# Measuring Qubits with “Time Travel” Protocol

Quantum sensing can outperform classical sensing by placing the sensor in an initial state that optimally measures the target. However, choosing this optimal state requires having some preknowledge, such as knowing the orientation of a magnetic field in order to measure its strength. A new experiment overcomes this limitation using two entangled quantum bits (qubits), which are manipulated in a way that is equivalent to a qubit traveling back in time [1]. Through this “time travel,” the qubits can be placed in an optimal state without any preknowledge.

“Our work addresses a specific kind of problem that plagues many sensing setups: you have to know which direction to point the sensor,” explains Kater Murch from Washington University in St. Louis. When measuring a magnetic field with a spin qubit, for example, the spin’s rotation will return information about the field strength only if you point it in the optimal direction. Point it in a nonoptimal direction and you’ll get zero information about the field, wasting the measurement.

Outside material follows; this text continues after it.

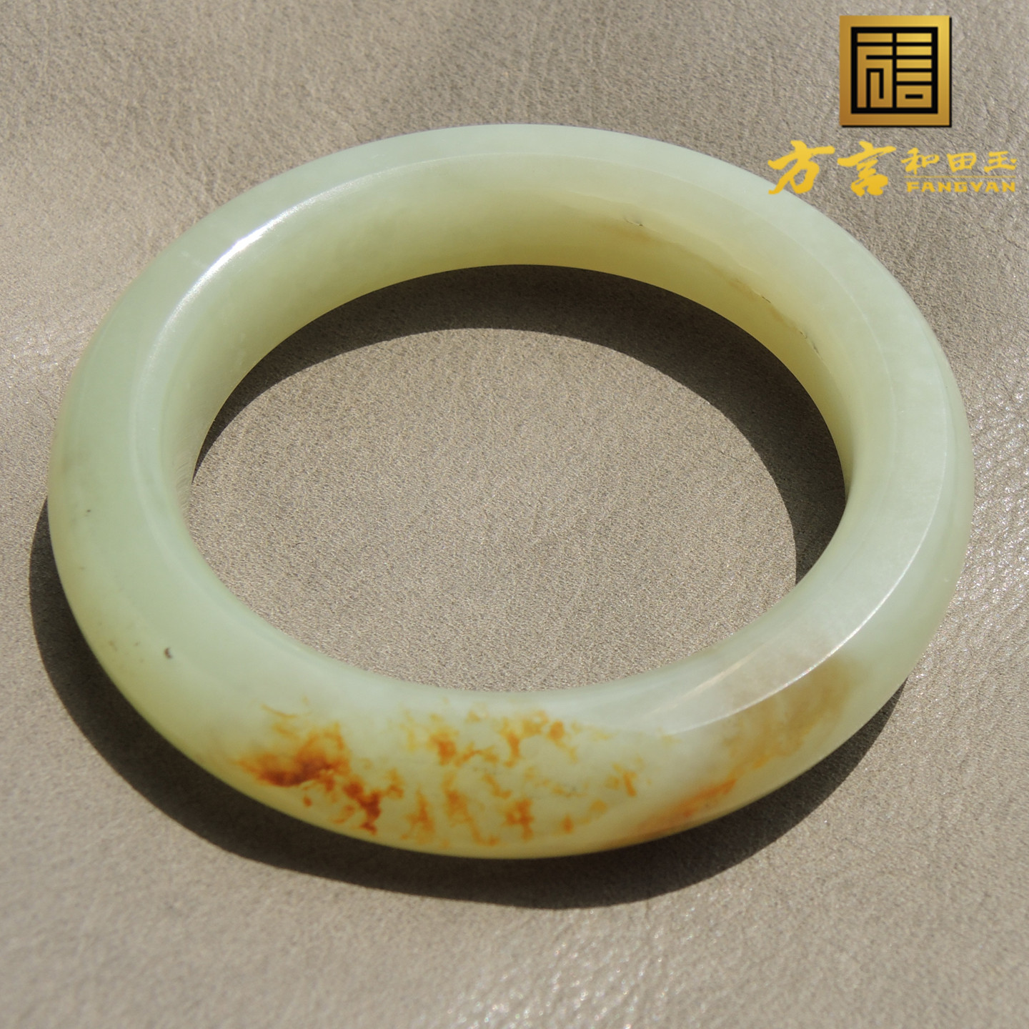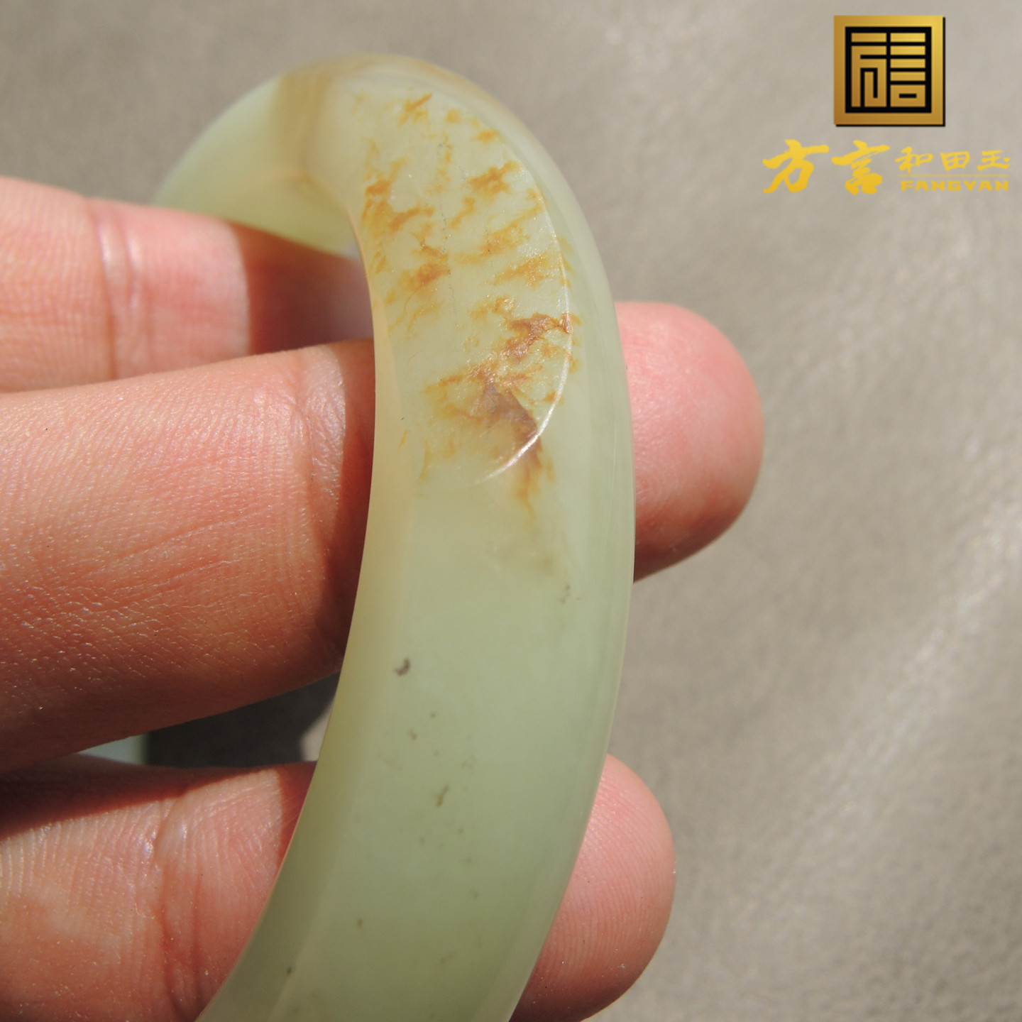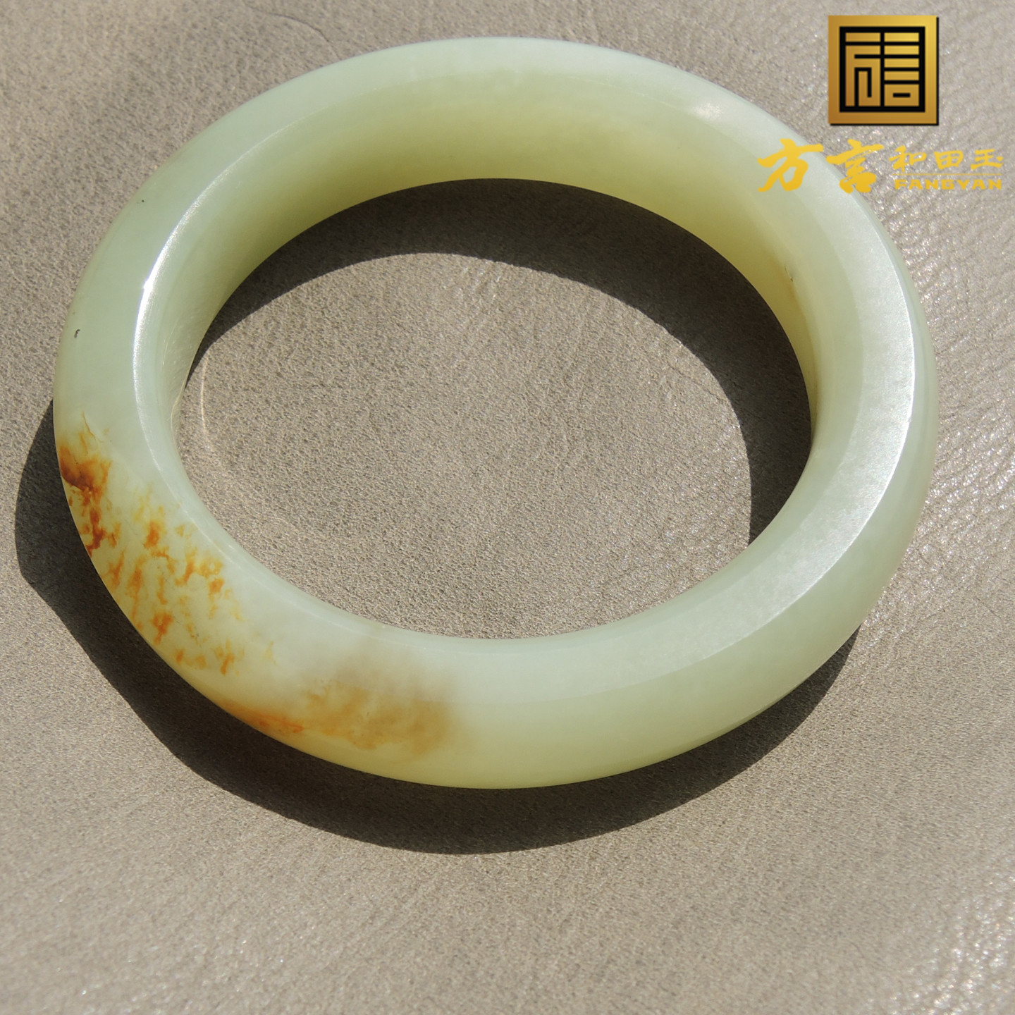 方言品牌巨漏珍稀黄色名品红皮鸡油黄玉籽料三色正装钢板手镯子R

Murch and his colleagues have devised a protocol in which the probe qubit is entangled with a second qubit, called the ancilla. Following previous work, they show that the entanglement is mathematically equivalent to the ancilla traveling back in time to place the probe in an optimal state [2]. They further show that measuring the ancilla and the probe in a particular sequence can recover information about the field strength in all cases—so no measurement data are wasted as they can be in other protocols. The researchers foresee using this entanglement scheme in situations where a field—or another observable—is changing over time.

–Michael Schirber

Michael Schirber is a Corresponding Editor for *Physics Magazine* based in Lyon, France.

## References

- X. Song
*et al.*, “Agnostic phase estimation,” Phys. Rev. Lett.**132**, 260801 (2024). - D. R. M. Arvidsson-Shukur
*et al.*, “Nonclassical advantage in metrology established via quantum simulations of hypothetical closed timelike curves,” Phys. Rev. Lett.**131**(2023).